_MATERIAL FOR THE TASK:_
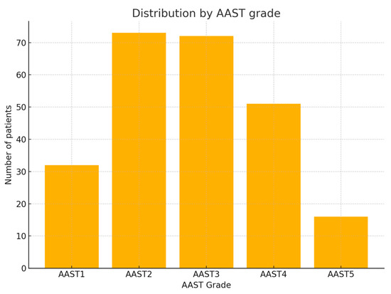 Distribution by AAST grade. AAST: American Association for the Surgery of Trauma.
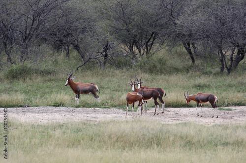 © okyela, Fototapeta premium Herd of African antelopes blesbok in Savannah. Bubaline antelope beaked
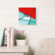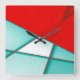 Smooth turcoise trapeze rectangle under red sheet square wall clock
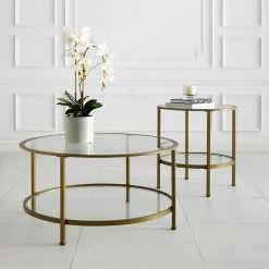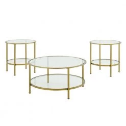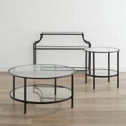 Aimee 3-Piece Oil Rubbed Bronze Round Glass Coffee Table Set with Shelf by CROSLEY FURNITURE
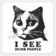 This funny graphic design features the face of a suspicious cat accompanied by the comical quote "I See Dumb People". It will add a touch of humour and personality to your style, making it a must-have for cat lovers who enjoy witty and playful designs.
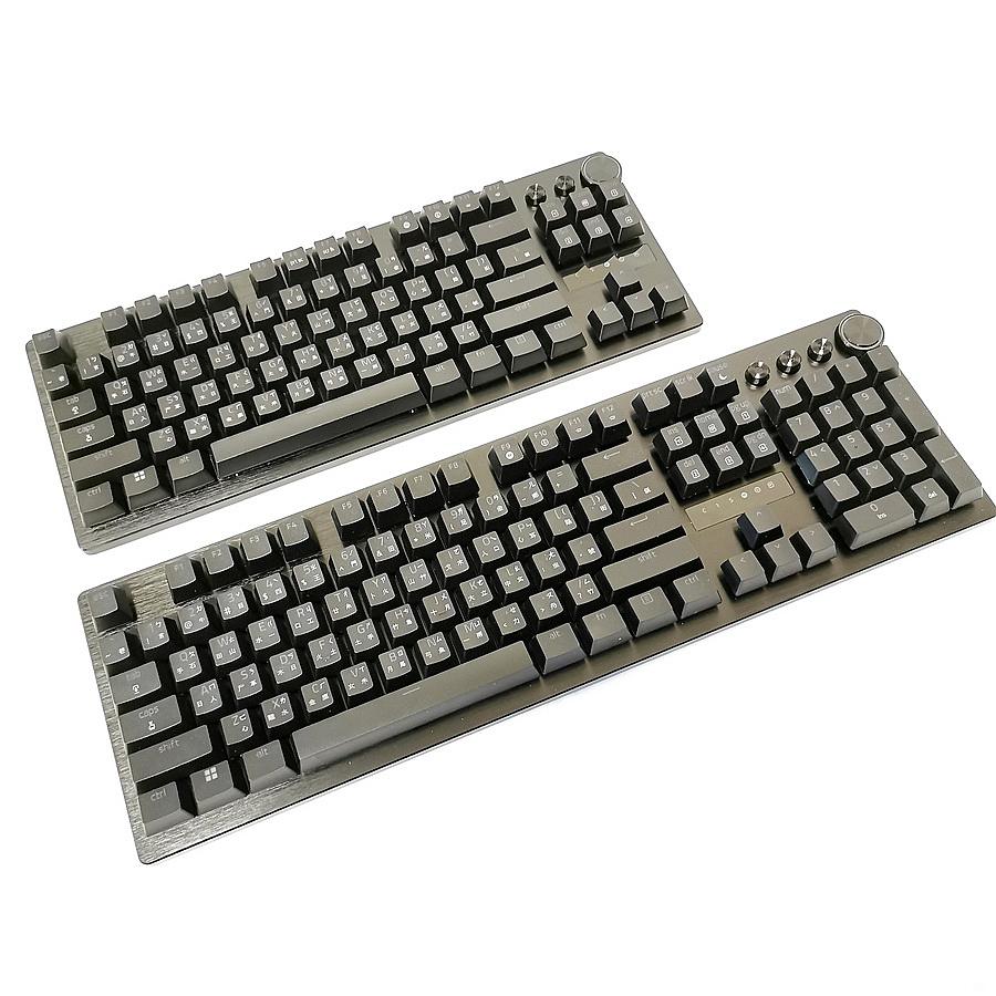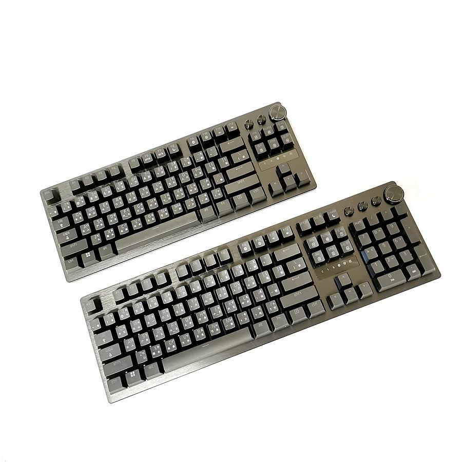 ▼ 實際拿出 Razer Huntsman V3 Pro、Razer Huntsman V3 Pro TKL 兩款鍵盤本體比較大小。

_WHAT YOU NEED TO DO:_ Using the entries above, write out exactly the lines from the one with "Bubaline antelope beaked" through the one with "Aimee 3-Piece Oil", ends included. Leave out any pictures.

_TASK SOLUTION:_
 © okyela, Fototapeta premium Herd of African antelopes blesbok in Savannah. Bubaline antelope beaked
 Smooth turcoise trapeze rectangle under red sheet square wall clock
 Aimee 3-Piece Oil Rubbed Bronze Round Glass Coffee Table Set with Shelf by CROSLEY FURNITURE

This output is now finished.